6. +++ b/core/modules/workflows/tests/src/Kernel/WorkflowAccessControlHandlerTest.php
   @@ -0,0 +1,210 @@
   +  public function testWorkflowAdministration($user, $operation, $result) {
   ...
   +      'Admin view' => [
   ...
   +      'User view' => [
   

   The name here is misleading, because this is testing more than only admin user test cases.

7. +++ b/core/modules/workflows/tests/src/Kernel/WorkflowAccessControlHandlerTest.php
   @@ -0,0 +1,210 @@
   +  public function testStateDeleteAccess() {
   ...
   +      $this->accessControlHandler->access($workflow, 'delete-state:foo', $this->adminUser, TRUE)
   

   This is really just testing another operation, so should be merged with the above test function.

   Furthermore, this is only testing as the admin user, not as the non-admin user.

Fixed all my remarks myself. The bulk of the work (the critical portion) was done by @Sam152, I just refactored it slightly to be more future-proof.

RTBC!

Rolling in ::testStateDeleteAccess into the data providers looks awesome. +1 RTBC.

Like I said, you did the bulk of the work, the critical portion. I just had to shuffle things around. I've had others (I think dawehner?) show me this is the better way, just spreading the knowledge! :)

So this permission was originally added in #2708941: Allow roles to view but not administer moderation state back in the workbench moderation days.

It was needed because if you added the 'state' to a view, you couldn't see it unless you had permission to administer the content moderation state entities.

Now that state is a string field on the ContentModerationState entity, this isn't needed.

If someone needs to implement plugin-level access controls, they can always switch out the access handler. But removing it here gives us less code to maintain and handles the 80% case.

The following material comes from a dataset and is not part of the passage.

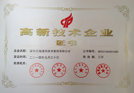 2012年3月25日,公司全资子公司深圳市海生机房技术有限公司被认定为“国家级高新技术企业”称号。
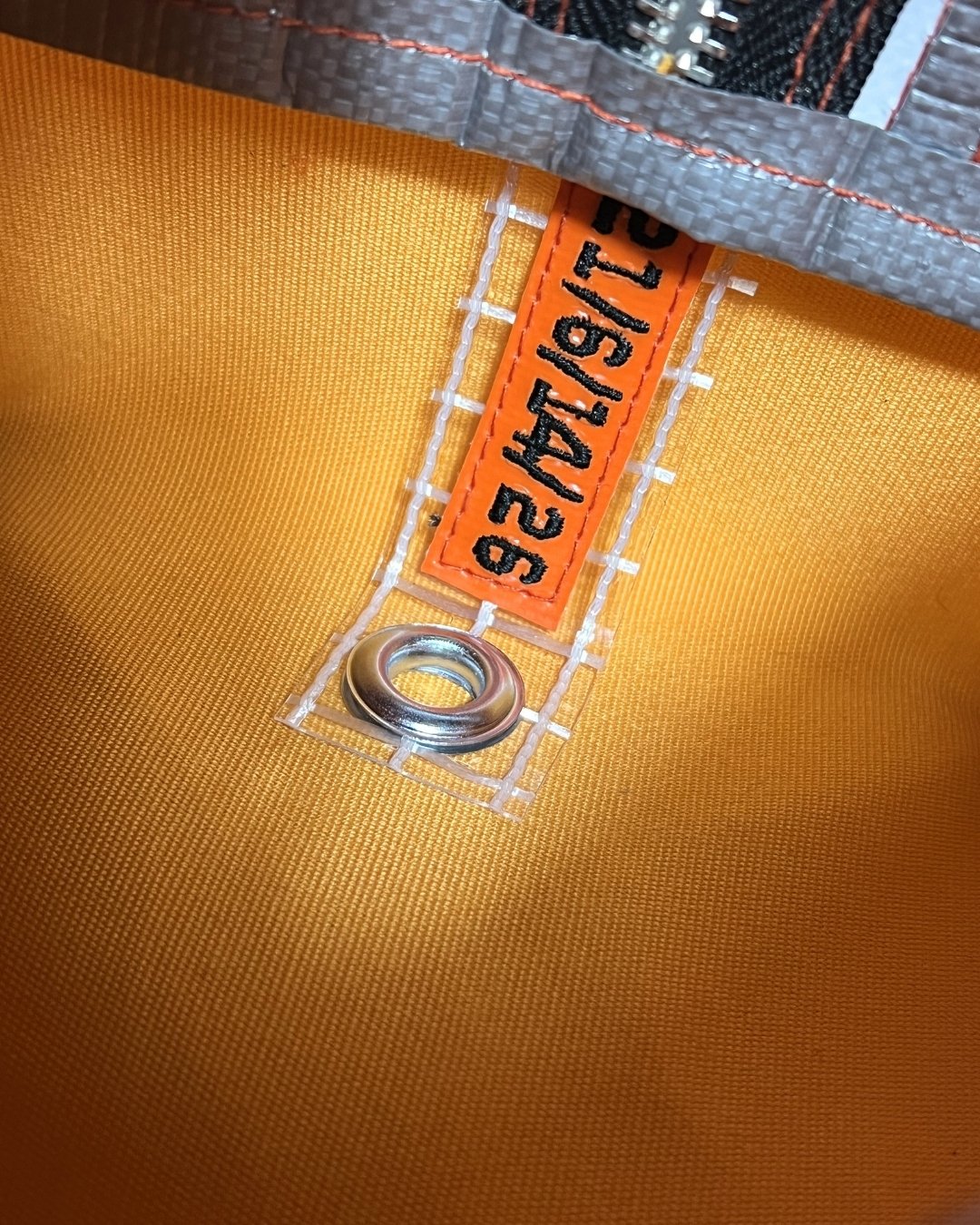 Çanta etiketi, yine atık kumaşlar üzerine serigraf baskı yöntemiyle üretilir ve Hal Studio’nun üretim sürecinde ortaya çıkan branda artıkları üzerine dikilerek tamamlanır.

There are a few unused use statements now - can we fix those as follows - thanks

Checking changed files...

FILE: ...content_moderation/src/Plugin/WorkflowType/ContentModeration.php
----------------------------------------------------------------------
FOUND 0 ERRORS AND 2 WARNINGS AFFECTING 2 LINES
----------------------------------------------------------------------
  6 | WARNING | [x] Unused use statement
 12 | WARNING | [x] Unused use statement
----------------------------------------------------------------------

FILE: ...re/drupal/core/modules/workflows/src/Plugin/WorkflowTypeBase.php
----------------------------------------------------------------------
FOUND 0 ERRORS AND 2 WARNINGS AFFECTING 2 LINES
----------------------------------------------------------------------
 6 | WARNING | [x] Unused use statement
 8 | WARNING | [x] Unused use statement
----------------------------------------------------------------------

FILE: ...core/drupal/core/modules/workflows/src/WorkflowTypeInterface.php
----------------------------------------------------------------------
FOUND 0 ERRORS AND 1 WARNING AFFECTING 1 LINE
----------------------------------------------------------------------
 8 | WARNING | [x] Unused use statement
----------------------------------------------------------------------

Committed 10a1e15 and pushed to 8.5.x.

Cherry-picked as c3dda3d and pushed to 8.4.x.

🎉

Looks like the change record was never published for this. Have just updated it now.